That Archie Shepp’s newest iteration of this striking song cycle arrives in the wake of the death of LeRoi Jones (known later as Imamu Amiri Baraka) is fitting: Shepp, after a memorable stint with John Coltrane, made his earliest impact mixing jazz with the kind of protest narratives long associated with poets like Jones. Attica Blues Orchestra Live: I Hear the Sound reminds us that music — and verse — can be uncomfortable, challenging, outside of our every-day sphere.
Shepp’s intial take (simply called Attica Blues) arrived in 1972, not long after a multi-ethnic prison riot over crushing living conditions turned deadly — sparking a brief but unsuccessful coverup. Inmates, at one point, controlled a portion of Attica State in 1971, holding 33 hostages that included guards and some civilian employees. Then-New York Gov. Nelson Rockfeller’s decision to retake the correctional facility by force, however, an action that ended up costing 39 people their lives as state troopers killed 29 prisoners and 10 of the hostages. That fact only came to light later, after the administration initially tried to blame the deaths on the rioters.
Shepp’s flair for the dramatic — he is also a playwright, and has written some interesting music for the stage — added untold depths of color and meaning to this story through words and song. Still, other than a subsequent 1979 performance, Attica Blues has remained dormant. That is, until now, with the January 14, 2014 release of Attica Blues Orchestra Live: I Hear the Sound via Harmonia Mundi.

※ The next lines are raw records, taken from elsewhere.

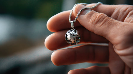 A stunning silver globe pendant held delicately in hand, symbolizing global connectivity. This striking piece captures the essence of travel and exploration.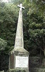 864年の四ヶ国艦隊による下関砲撃に参加した、仏軍艦セミラミス号とデュプレックス号の戦死者を弔うために、1895年もじを訪れた仏人宣教師ビリオン神父により建立された慰霊碑。 場所:めかり公園内 めかり塩水プール前バス停下車。 案内板は出ているが、見逃しそうです。高さが3メートルくらいありそう です、上が十字架になっています。円柱形になっていて、下から1メートルくらいが正方形の「碑」です。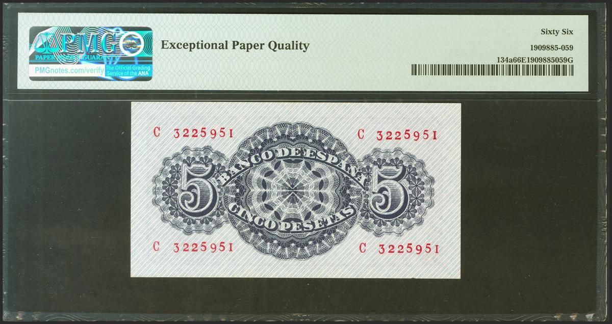 5 Pesetas. 12 de Abril de 1947. Serie C. (Edifil 2021: 454a, Pick: 134a). Raro en esta excepcional calidad, apresto original. SC. Encapsulado PMG66EPQ.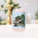 Ein niedlicher, grüner Drache, der mit seinem Teddybär, seiner Kerze, seinem Federstift und seiner Lesebrille in einem blauen Hintergrund schlummert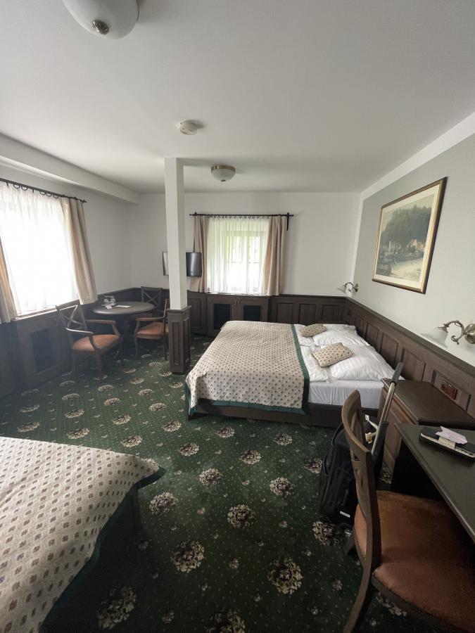 V hotelu Podhrad jsme dostali krásný pokoj s manželskou postelí a jednolůžkovou postelí. Nechybělo posezení, psací stůl, TV, minibar s občerstvením a prostorná skříň.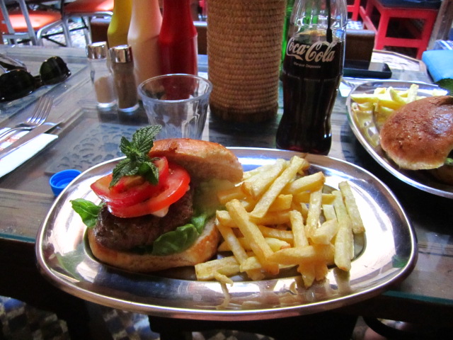 Lunch at Cafe Clock. We picked this British-owned place because it was recommended in all of our guides, and because we wanted a break from traditional Moroccan fare. Finding it was a trick, since the entrance is down a long, narrow crevice in the walls of the souq. But the lamb burger with mint was tasty and very satisfying.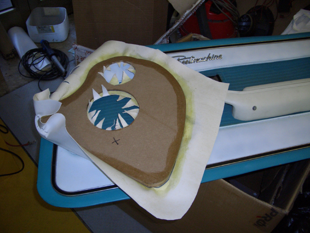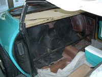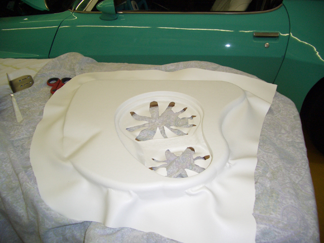 Dopo aver costruito il pannello per ospitare una cassa da 160mm ed una da 100mm, il tutto è stato rivestito con la stessa pelle degli interni. |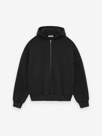 The Half Zip Hoodie is made in Portugal from a heavy cotton blend to contribute depth and softness. The signature Fear of God fit is evident with a relaxed silhouette, dropped shoulders, double-layered hood, and wool rib-knit cuffs, and waist hem. Additional details include a half-zip front, side pockets, and a leather Fear of God label is stitched on the hood. DETAILS - FABRIC: 69% COTTON, 31% POLYESTER, - WOOL RIB KNIT CUFFS, WAIST HEM - RELAXED FIT - DOUBLE LAYER HOOD - HALF-ZIP FRONT - SIDE POCKETS - LEATHER FEAR OF GOD LABEL - MADE IN PORTUGAL

In a reminder that the original protest included blacks, Latinos and whites, Shepp gathered an international band of collaborators to reanimate this turbulent, still-resonant narrative, including Reggie Washington, Stephane Beimondo, Ambrose Akinmusire, Jimmy Owens, Francois Theberge, Cecile McLorin-Salvant and Marion Rampal, among others. They dig deeper into the latent emotion-laden blues of the piece, telegraphed in the album title, balanced here against Shepp’s penchant for sputteringly surprising, passionately sudden agitprop. There is, in particular in the vocal stylings of McLorin-Salvant and Rampal, a lyricism that works in perfect tandem with the album’s serrated avant-garde edges.
The results convey the complexity of this awful moment in a way that still connects decades later — even as Attica Blues Orchestra Live: I Hear the Sound underscores just how much Shepp did away from celebrated contributions during Trane’s Love Supreme sessions and on Ascension.
More than just a potent sideman or even a leading proponent of the New Thing, Shepp was — and is — a voice for advancing the idea of what jazz could and can be, a voice for change, a voice for the ages. Somewhere, Amiri Baraka is smiling.